● **Prompt**
Begin with the line holding "This bingo card" and end with the last line of the records below. Set down exactly those lines and leave out every picture.
===== Data for the task
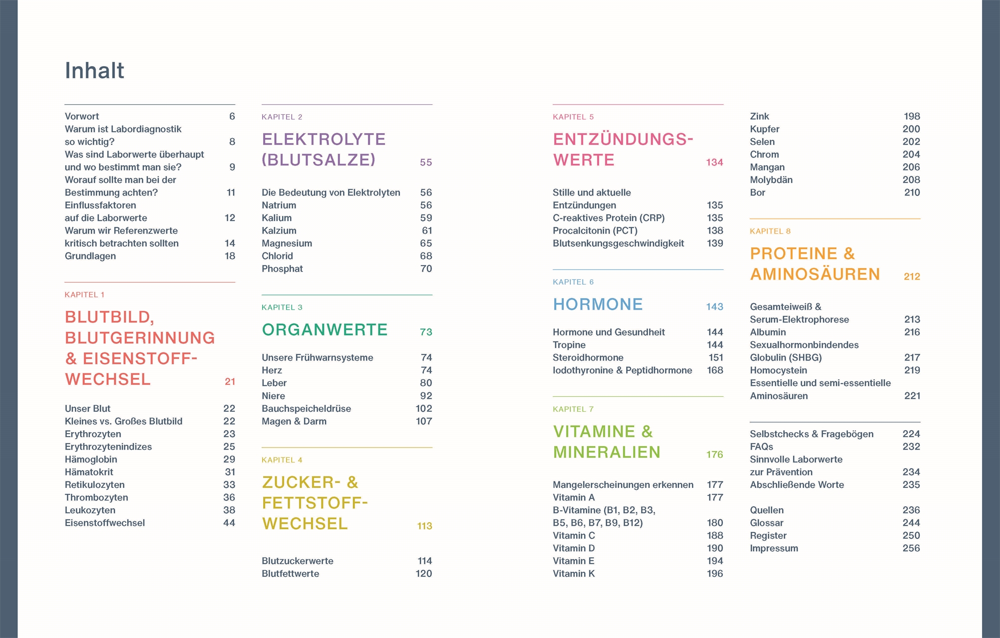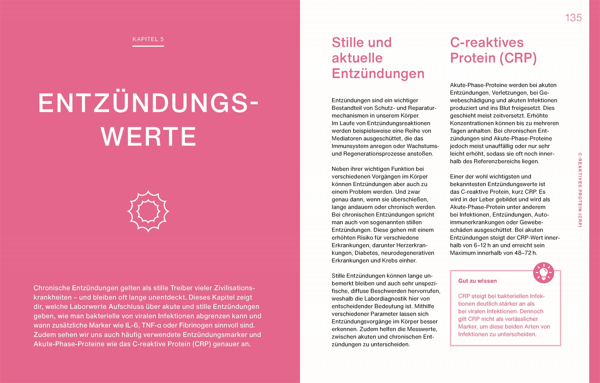 • Überblick über alle zentralen Labor- und Blutwerte: von Organ- und Entzündungswerten bis zu Hormonen und Vitaminen
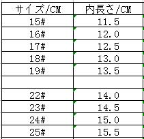 内の長さ:サイズ表をご参考ください。
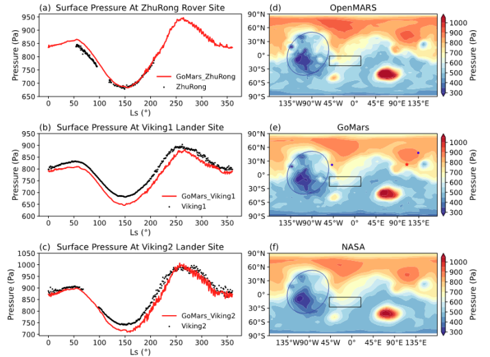 不同于地球,火星大气低压低温,水汽极少,沙尘变幻莫测。科研团队使用该模式模拟了火星大气环境中沙尘、水和二氧化碳三个关键气象元素的循环,并根据“天问一号”火星车“祝融号”和美国“维京1号”“维京2号”火星探测器的观测结果,以及国际火星大气全球数据集,对模式进行了性能验证。
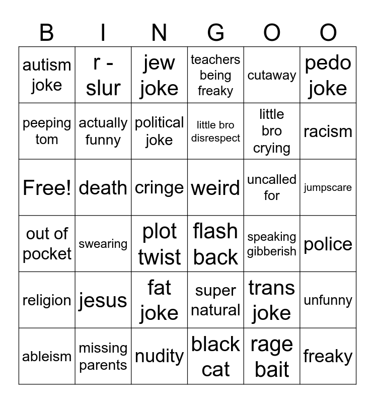 This bingo card has 36 words: super natural, fat joke, black cat, peeping tom, out of pocket, weird, actually funny, nudity, cutaway, trans joke, racism, teachers being freaky, unfunny, death, little bro disrespect, autism joke, religion, uncalled for, Free!, jew joke, cringe, swearing, flash back, plot twist, speaking gibberish, r -slur, little bro crying, missing parents, political joke, pedo joke, freaky, ableism, police, jumpscare, jesus and rage bait.
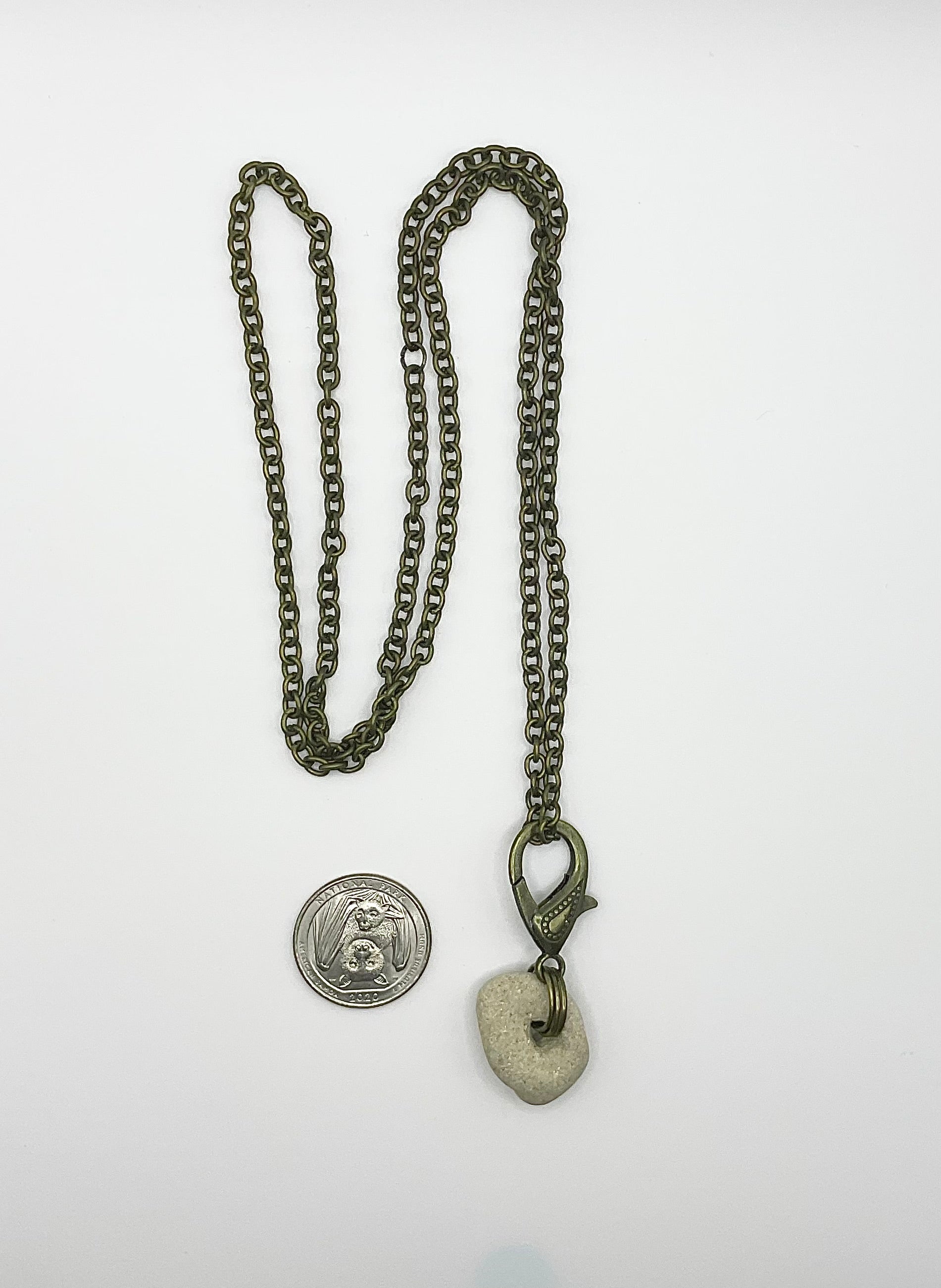 Each comes on a bronze tone metal alloy chain measuring approximately 25”long (matinee length). Each comes carefully packaged by hand and gift ready.
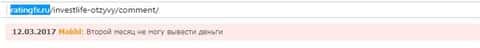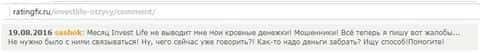 Далее еще один трейдер, который связался с мошенниками в лице дилингового центра Invest Life, пишет о том, что уже месяц как не может забрать свои деньги у этого брокера.
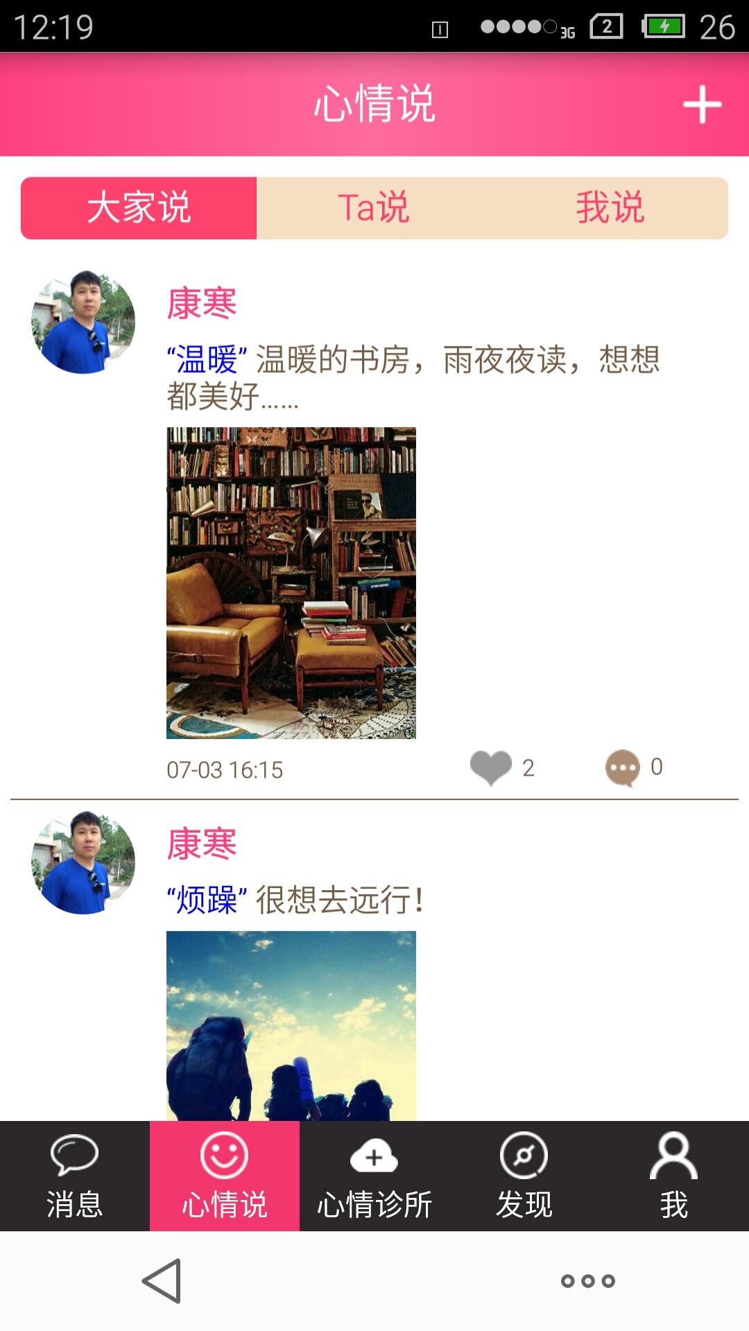 心情说:记录你的喜怒哀乐,有人关心,有人疼;心情墙:我的、TA的、大家的,喜怒哀乐有人陪;
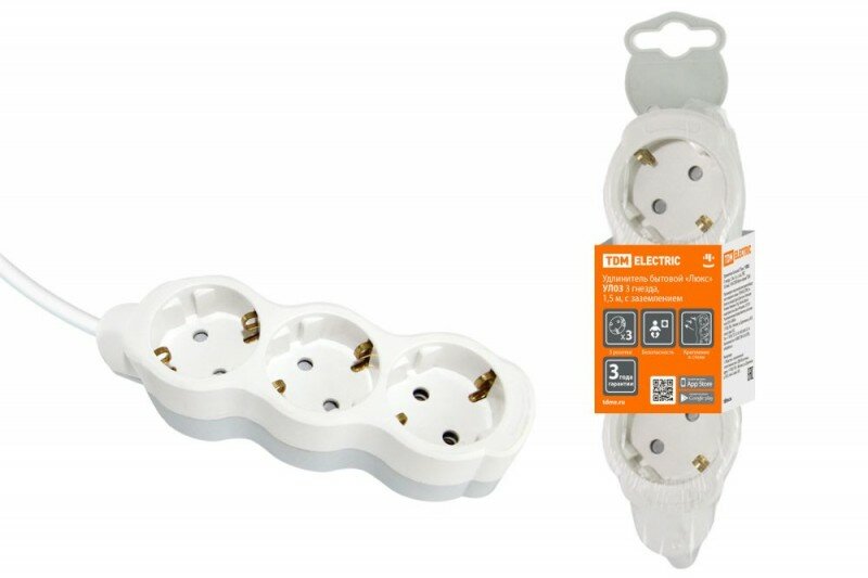 Отзывы на Tdm Удлинитель бытовой "Люкс" УЛ03 3 гнезда, ПВС 3х1мм2 16А/250В SQ1303-0234
==========
● **Exercise solution**
 This bingo card has 36 words: super natural, fat joke, black cat, peeping tom, out of pocket, weird, actually funny, nudity, cutaway, trans joke, racism, teachers being freaky, unfunny, death, little bro disrespect, autism joke, religion, uncalled for, Free!, jew joke, cringe, swearing, flash back, plot twist, speaking gibberish, r -slur, little bro crying, missing parents, political joke, pedo joke, freaky, ableism, police, jumpscare, jesus and rage bait.
 Each comes on a bronze tone metal alloy chain measuring approximately 25”long (matinee length). Each comes carefully packaged by hand and gift ready.
 Далее еще один трейдер, который связался с мошенниками в лице дилингового центра Invest Life, пишет о том, что уже месяц как не может забрать свои деньги у этого брокера.
 心情说:记录你的喜怒哀乐,有人关心,有人疼;心情墙:我的、TA的、大家的,喜怒哀乐有人陪;
 Отзывы на Tdm Удлинитель бытовой "Люкс" УЛ03 3 гнезда, ПВС 3х1мм2 16А/250В SQ1303-0234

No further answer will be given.